Was meinen die mit Trockenpflaume, denke ich. Dann rufe ich mich zur Ordnung. Keine frivolen Gedanken in dieser ernsten Stunde.

"Ein unverzichtbares Accessoire für die frauliche Hand-tasche ist ein Klappspiegel. Für 93 Mark erhalten Sie ihn ..."

Was ist eine frauliche Handtasche? Und, um Himmelswillen, wozu benötigt man darin einen 93 Mark teuren Klappspiegel?

"Nach intensiver Benutzung der Toilette zünde man ein Streichholz an und lasse es nur kurz brennen. Was bleibt, ist ein leichter Schwefelgeruch, aber alle anderen unangenehmen Gerüche verschwinden."

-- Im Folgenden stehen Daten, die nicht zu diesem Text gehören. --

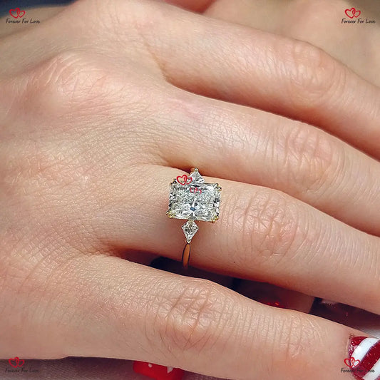 Bague de fiançailles en diamant taille radiant avec diamants naturels Kite - Bague trilogie certifiée IGI

Das ist echt stark. Ich bewundere die Offenheit, mit der diese Frauenzeitschrift auch derart diffizile Probleme anpackt.

"Wenn die Zimmerpflanzen nicht so richtig gedeihen wollen: Frische Eierschalen von freilaufenden Hühnern zerdrücken und damit gießen."

Jetzt muß mir nur noch jemand verraten, wo ich mitten in der Großstadt freilaufende Hühner auftreibe! Dann müßte ich sie auch noch fangen und zum sofortigen Eierlegen überreden; schließlich sollen die Schalen frisch sein. * Das ist vielleicht ein Scheißspiel. Ich möchte wissen, was die in der Redaktion sich dabei denken. Vielleicht laufen dort die Hühner frei übern Ticker ...

Karoline ist nicht zu bremsen. "Nüsse schützen vor Freien Radikalen!" stößt sie triumphierend hervor.

Ich schrecke hoch.

"Nüsse, Sonnenblumenkerne und Kastanien sind die wirksamsten Mittel gegen diese aggressiven Freien Radikalen."

Radikale? Noch dazu in Freiheit? Terroristen, Bombenleger, Autonome, Hausbesetzer, zu allem Entschlossene, diesen demokratischen Rechtsstaat zu unterwandern. Ich korrigiere mein vorschnelles Urteil über die Redaktion. Was der Polizei bislang nur unzulänglich gelang, diese mutige Zeitschrift gibt den Frauen endlich Mittel in ihre prilgespülten Hände, wie diesen Verbrechern zu begegnen ist. Im Geiste sehe ich entschlossene Hausfrauen, die Kiepe mit - wahr-scheinlich - Kokosnüssen auf dem Rücken, jederzeit bereit, diese gegen die Radikalen, ob nun von links oder von rechts, einzusetzen. Sie werfen die Nüsse auf die so Gehaßten. Die etwas zarter Besaiteten nehmen die Sonnenblumenkerne als Wurfgeschosse.

In meiner Begeisterung kippe ich beinahe den restlichen Wermut um.

Mit den Worten "Du trinkst besser nichts mehr" räumt Karoline mein Glas beiseite.

"Warum denn nicht", frage ich bestürzt. "Wo ich mich doch so freue, daß endlich auch mal ein politisches Thema ..."

"Was für ein politisches Thema? In all diesen 21 Zeit-schriften ist kein einziges Wort über Politik geschrieben! Die deutsche Frau ist unpolitisch, verstehst du! Die bringt ihr Hüfthalter um, aber keine Mieterhöhung."

"Aber die Freien Radikalen ...", stottere ich hilflos.

(1995)

"Freie Radikale" sind Gift- und Schadstoffe, die Zellen zerstören, wenn Vitamine und Mineralstoffe fehlen.